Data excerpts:
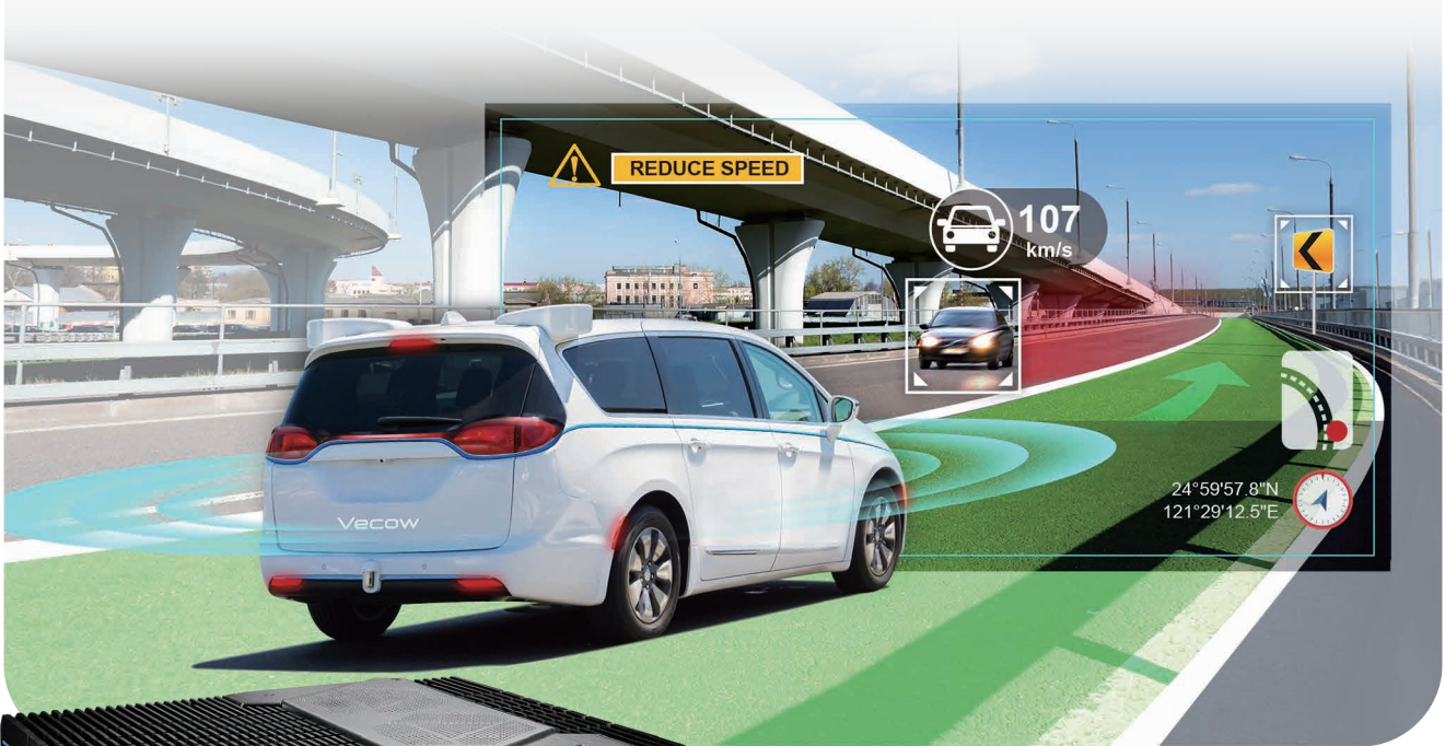
▲ Traffic Vision

AI Computing System with NVIDIA® Tesla®/Quadro®/GeForce® Graphics
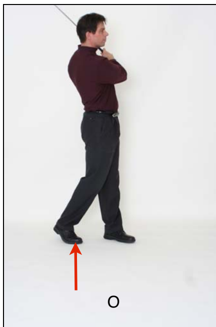
Non transfer of wt to front foot at finish
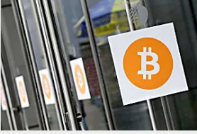
As bitcoin storm brews, exchanges ready to close shutters
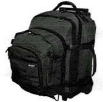
13-06. Rolling Art BackPac

13-01. Artist's StudioPac. Your studio in a backpack! Flatwork Compartment features dual zipper flip top which allows access to 19"x24" pads, canvases, etc. Dual zippered center compartment carries supply boxes and so much more! Twin outer compartments hold your SunEden Tripod or Easel, Tilting Adapter and Roll-A-Stool or Chair. Waterproof coated fabrics minimize bulk. Tough and indispensable for the artist on the move. Features adjustable shoulder straps to provide comfortable fit for every artist. Weighs 3.6 lbs.
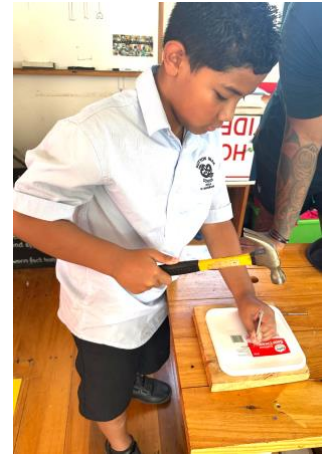
Room 8 students making their own worm farms from old plastic containers.
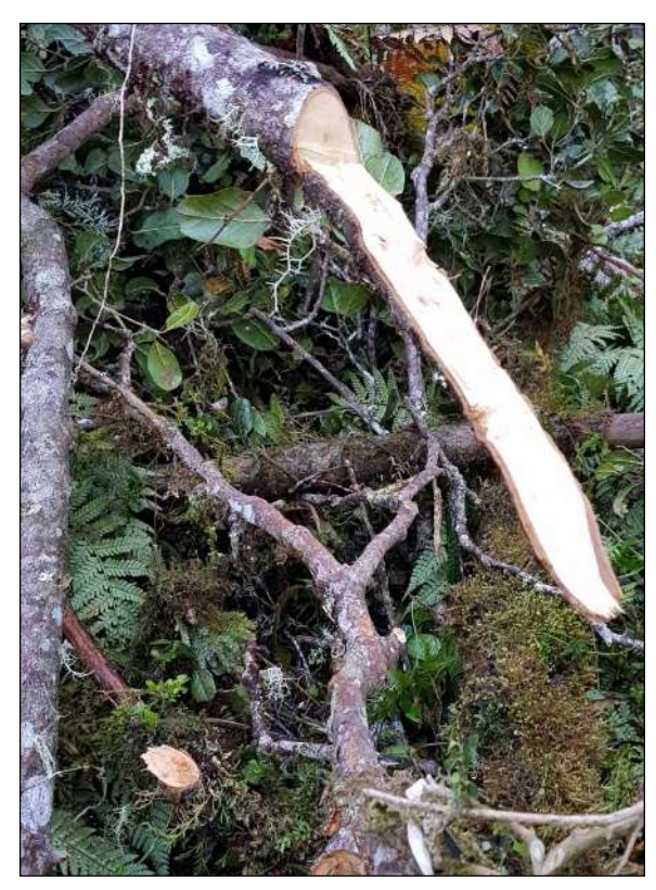
Figure 9: Tree branch showing definitive propeller slash

The investigators who travelled to the accident site made use of a drone to capture evidence in video and photographic form. Close-up pictures and video of damage to the trees, including propeller slash marks, was made easy by use of the drone.
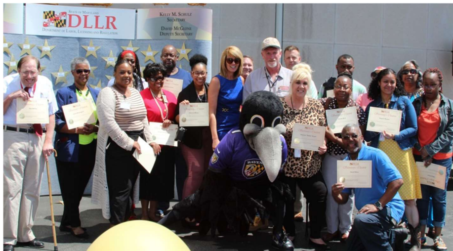
Several Maryland Department of Labor employees were recognized for providing excellent customer service. Each employee was recommended by a constituent who they helped.
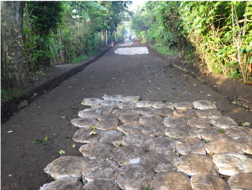
Figure 17. Do-nou Bags Placed in Deep Gullies

It rained heavily in the early morning, making it impossible to transport gravel sand from the Bako Dawla stone quarry. Hence, the villagers had no work. The rain stopped in the afternoon and the gravel was delivered. Two trucks were used to transport 32 m 3 in total (16 m 3 in each truck) (Figure 19). Carriers were fabricated from iron sheets by a local workshop due to the scarcity of wheelbarrows in the town (Figure 20).
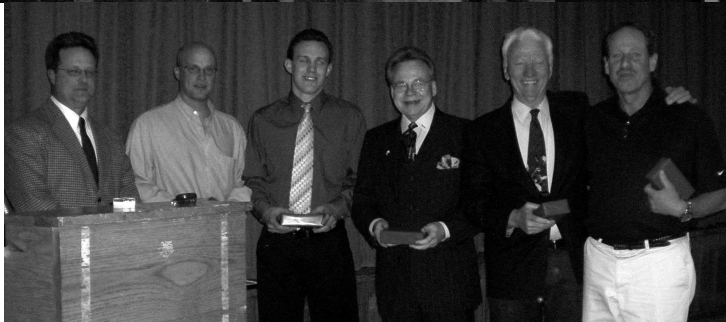
Our Dedicated Volunteers
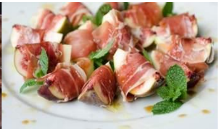
The Land of Prosciutto and Terra Rossa – The Carst Region
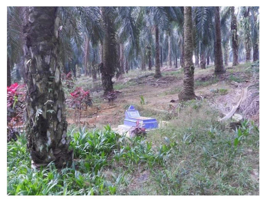
Batin Sembilan graveyard inside PT AP oil palm plantation.

WHAT IS BEING ASKED: Set the pictures aside and retype exactly the lines above from the line with "The investigators who" to the line with "Figure 17. Do-nou Bags Placed in Deep Gullies", both included, adding no others.

TASK RESULT:
The investigators who travelled to the accident site made use of a drone to capture evidence in video and photographic form. Close-up pictures and video of damage to the trees, including propeller slash marks, was made easy by use of the drone.
Several Maryland Department of Labor employees were recognized for providing excellent customer service. Each employee was recommended by a constituent who they helped.
Figure 17. Do-nou Bags Placed in Deep Gullies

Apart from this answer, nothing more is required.